» Prompt:
Copy the lines below, please, starting with the one that contains "Boho Lavender Lace" and ending with the last. Pictures stay out.

» Source material:
·····
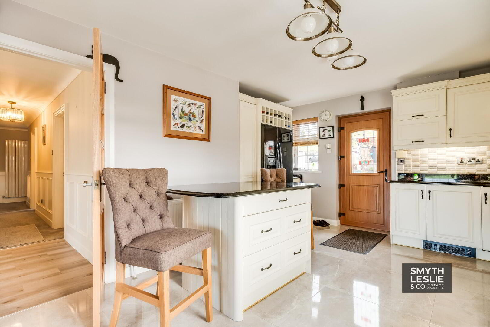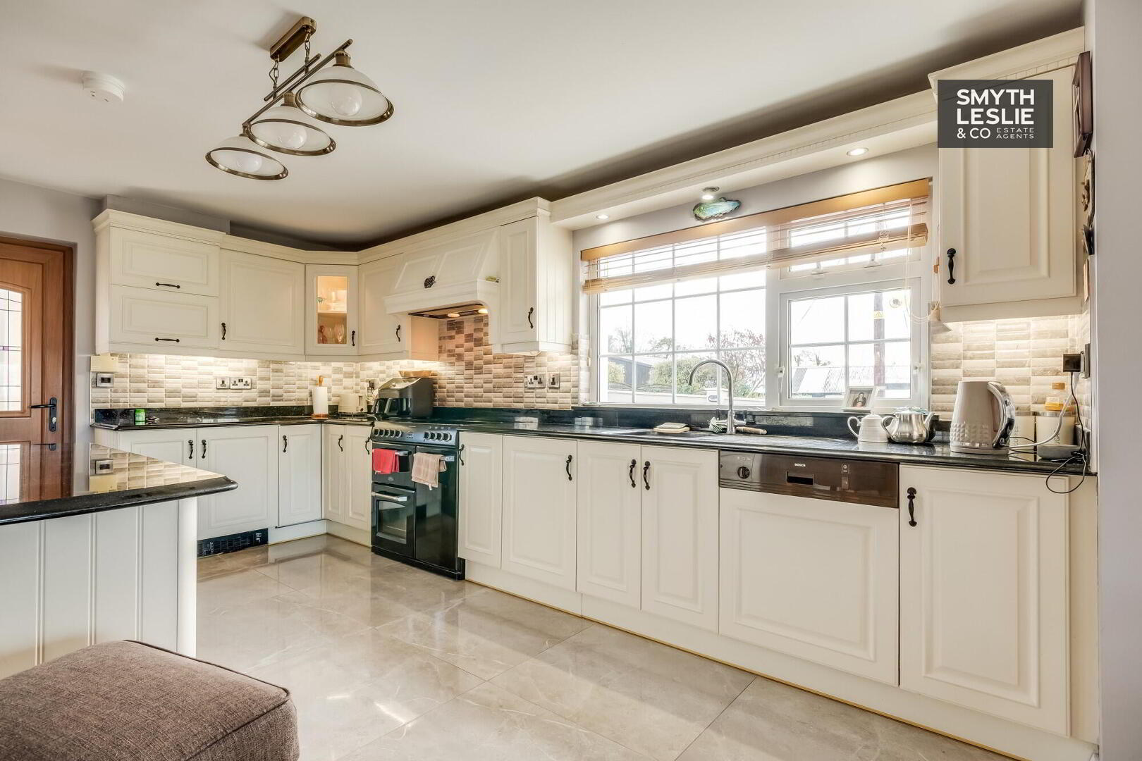 Modern fitted kitchen with a range of high & low level units, integrated dishwasher, Kensington Range cooker, extractor fan hood, granite work top & drainer board, stainless steel sink, island unit with breakfast bar lip, plumbed for American fridge freezer, wine rack, tiled floor & splash back, under unit lighting, Oak PVC exterior door with glazed inset, glazed door to hallway, views towards Enniskillen & Belmore mountain, ceiling cornice & moulded centrepiece.
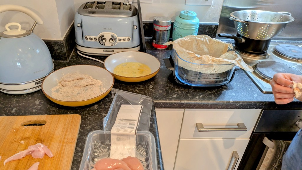 For our goujons, we used Aldi’s 400g packet of mini chicken fillets, de-veined, coated in egg, then tossed in flour (containing salt, pepper, chilli cayenne, onion salt, garlic powder, hot paprika, thyme, parsley, oregano).
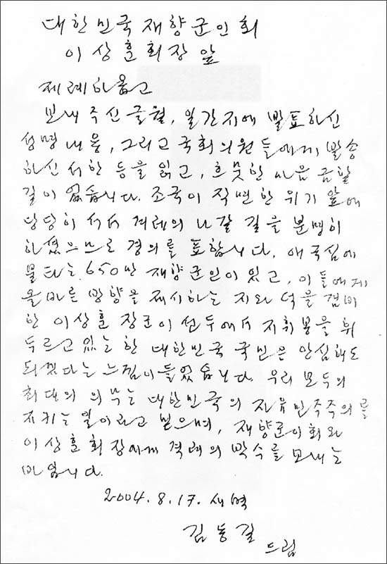 ±è ±³¼ö´Â ÆíÁö¿¡¼ "ÀÌ È¸ÀåÀÌ º¸³»ÁֽŠÆíÁö¸¦ Àаí Èå¹µÇÑ ¸¶À½ ±ÝÇÒ ±æ ¾ø½À´Ï´Ù. Á¶±¹ÀÌ Á÷¸éÇÑ À§±â ¾Õ¿¡ ´ç´çÈ÷ ¼¼ °Ü·¹ÀÇ ³ª°¥ ±æÀ» ºÐ¸íÈ÷ ÇϼÌÀ¸¹Ç·Î °æÀǸ¦ Ç¥ÇÕ´Ï´Ù"¶ó°í ¸»Çϰí "¾Ö±¹½É¿¡ ºÒŸ´Â 650¸¸ ÀçÇⱺÀÎÀÌ ÀÖ°í, À̵鿡°Ô ¿Ã¹Ù¸¥ ¹æÇâÀ» Á¦½ÃÇÏ´Â Áö¿Í ´öÀ» °âºñÇÑ ÀÌ»óÈÆ À屺ÀÌ ¼±µÎ¿¡¼ ÁöÈÖºÀÀ» Èֵθ£°í ÀÖ´Â ÇÑ ´ëÇѹα¹ ±¹¹ÎÀº ¾È½ÉÇØµµ µÇ°Ú´Ù´Â ´À³¦ÀÌ µé¾ú½À´Ï´Ù"¶ó°í °Ý·Á¸¦ º¸³Â´Ù.
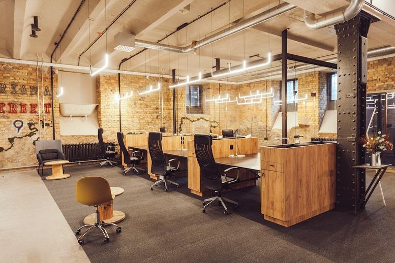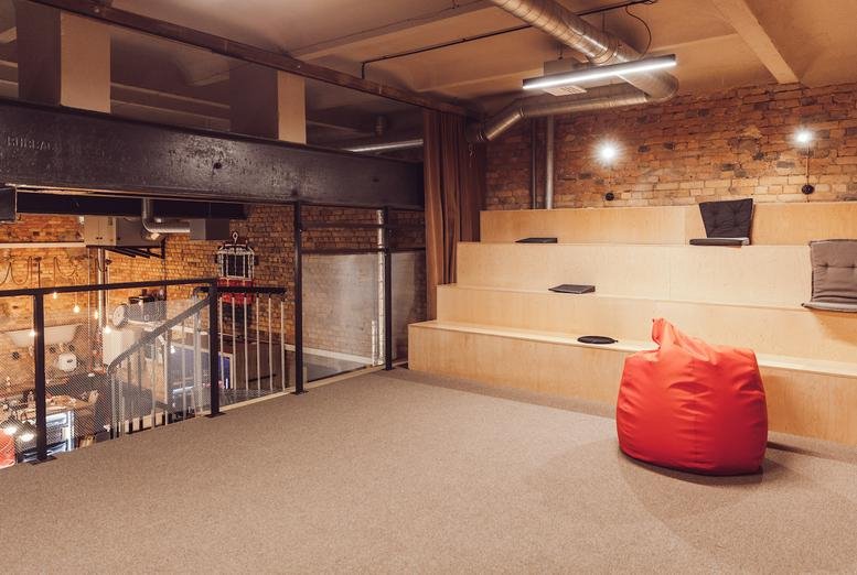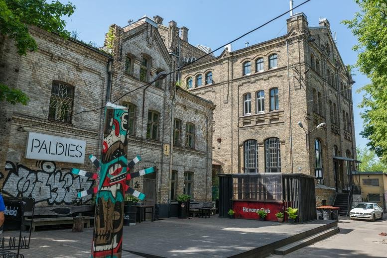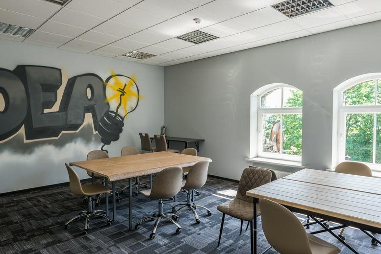 This workspace sits within a creative courtyard in Riga’s Centrs district, just off Krišjāņa Valdemāra Street and Brīvības Street. The Dailes Theatre and the Laima Chocolate Museum are both within a five-minute walk, while local amenities include a Rimi supermarket and a post office nearby. Dining options such as Valmiermuižas vēstniecība and Labietis are located within 50 metres.
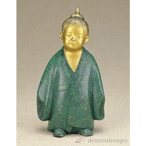 無我童子 青金色 中 ( 木札名入れ有料 退職祝い 定年 置物 玄関 受付 幸運 風水 高岡銅器 結婚 出産 内祝い 引き出物 金婚式 誕生日プレゼント 還暦祝い )
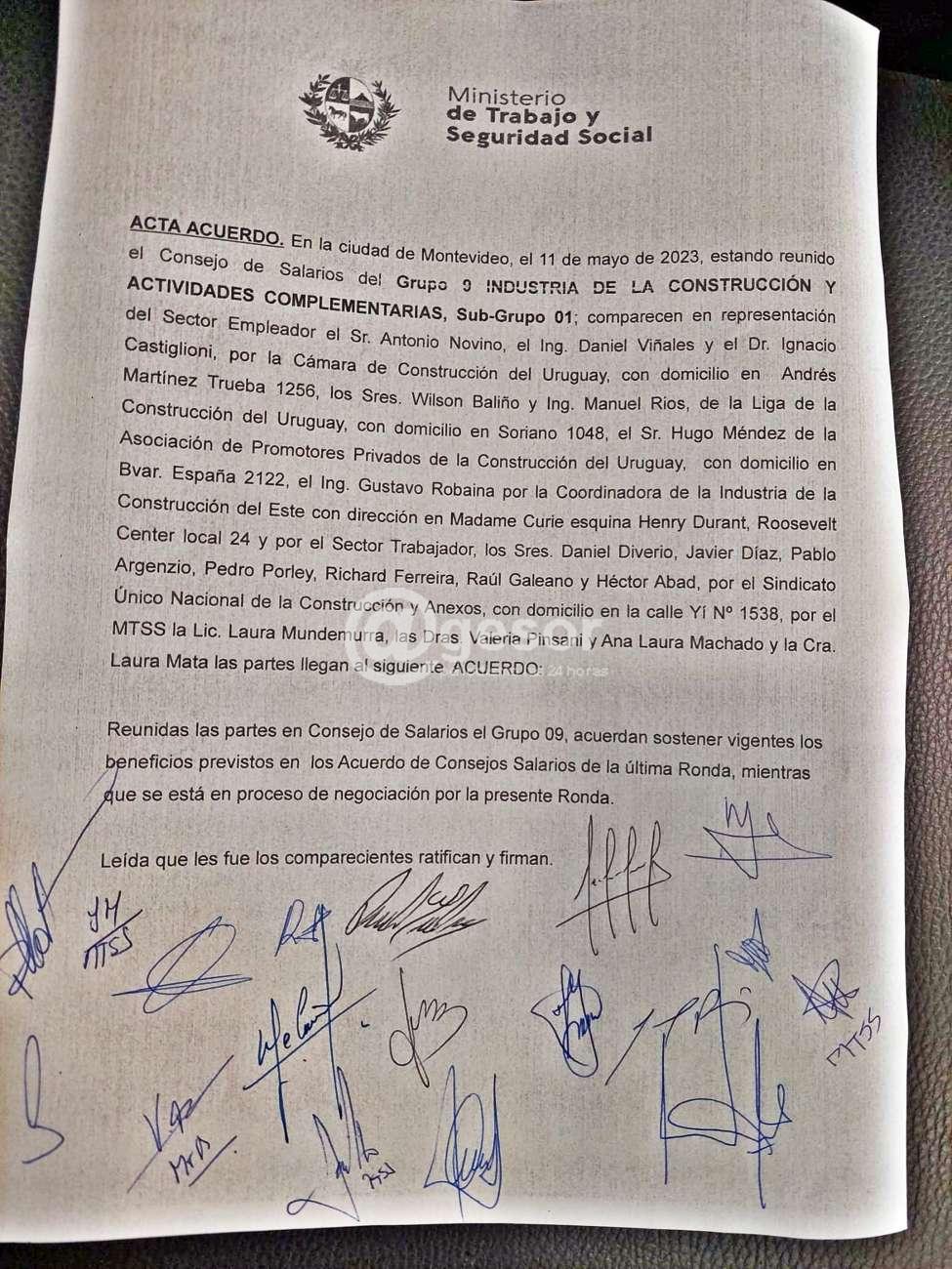 Este jueves se reunió el Consejo de Salarios del Grupo 9 Industria de la Construcción y Actividades Complementarias, Sub Grupo 01, ocasión en la que comparecieron representantes de la Cámara de la Construcción del Uruguay, de la Liga de la Construcción del Uruguay, de la Asociación de Promotores Privados de la Construcción del Uruguay, de la Coordinadora de la Industria de la Construcción del Este, y del SUNCA, así como también del Ministerio de Trabajo, quienes arribaron al acuerdo de "sostener vigentes los beneficios previstos en los Acuerdos de Consejos Salarios de la última Ronda, mientras que se está en proceso de negociación por la presente Ronda".
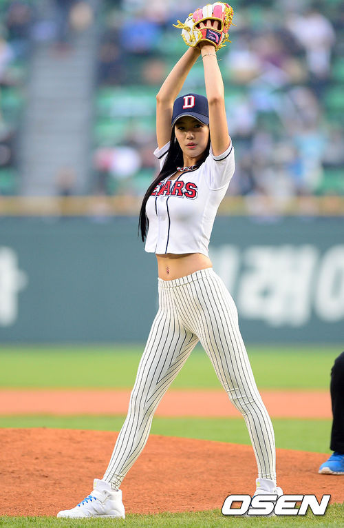 경기에 앞서 배우 클라라가 시구를 하고 있다. /sunday@osen.co.kr
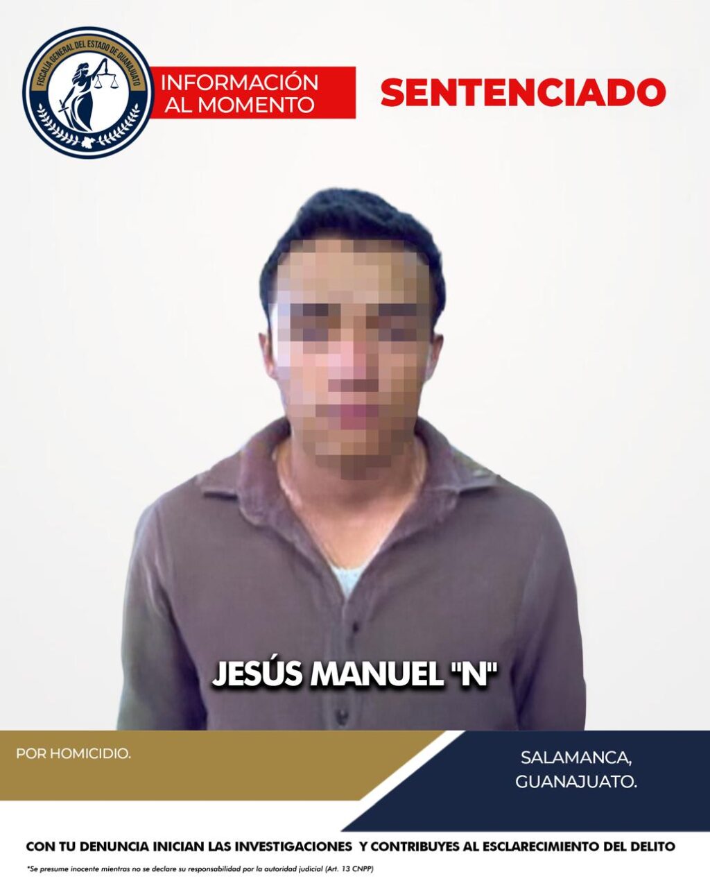 GUANAJUATO, GTO., 11 DE OCTUBRE DE 2025. La Fiscalía General del Estado de Guanajuato (FGEG) obtuvo una sentencia condenatoria de 27 años de prisión contra Jesús Manuel «N» por el delito de homicidio calificado ocurrido en Salamanca en septiembre de 2022.
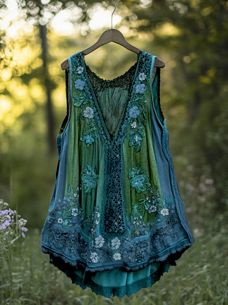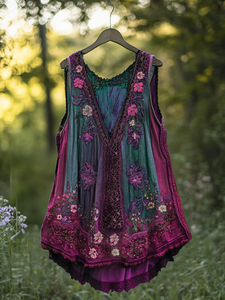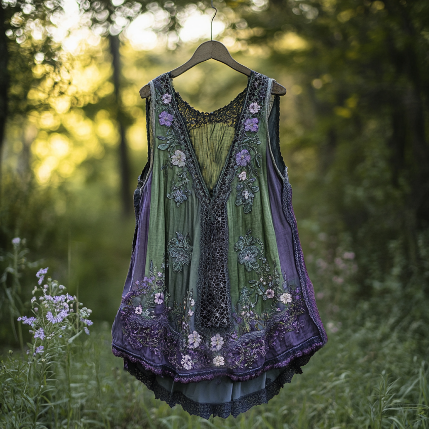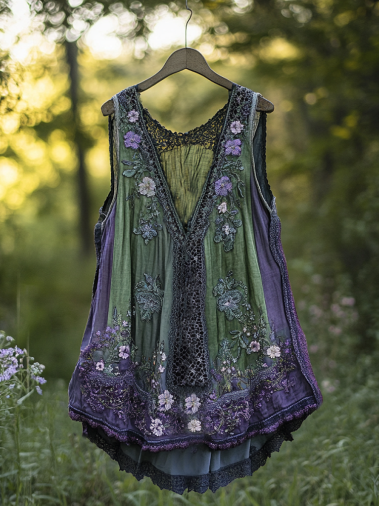 Boho Lavender Lace Art Linen Lace Patchwork Art Sleeveless Tank Top
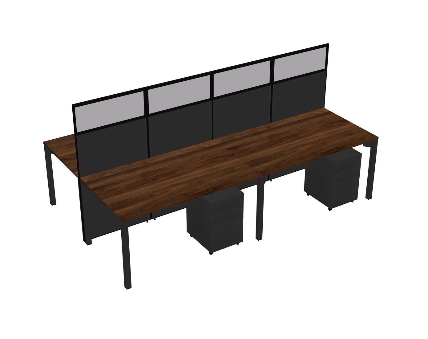 Columbia Walnut Shared Rectangular Office Cubicle Panel System With Mobile Drawers For 4 Persons
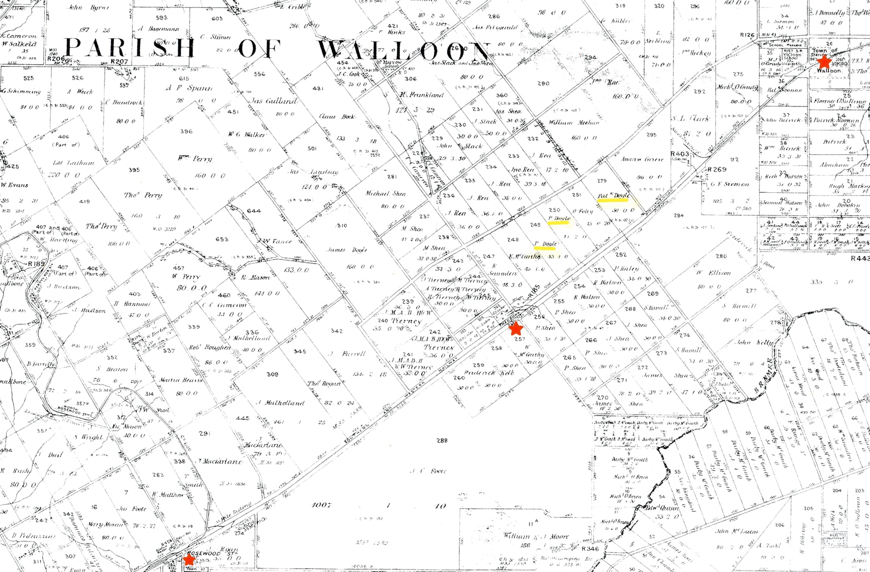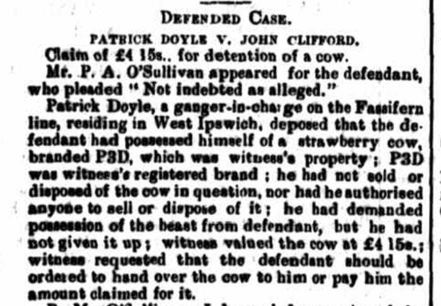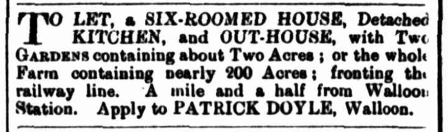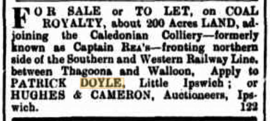 The Doyle's farm between Walloon and Thagoona had a railway frontage. In 1888 Patrick Doyle was a ganger-in-charge on the Fassifern line.
·····
» Answer section:
 Boho Lavender Lace Art Linen Lace Patchwork Art Sleeveless Tank Top
 Columbia Walnut Shared Rectangular Office Cubicle Panel System With Mobile Drawers For 4 Persons
 The Doyle's farm between Walloon and Thagoona had a railway frontage. In 1888 Patrick Doyle was a ganger-in-charge on the Fassifern line.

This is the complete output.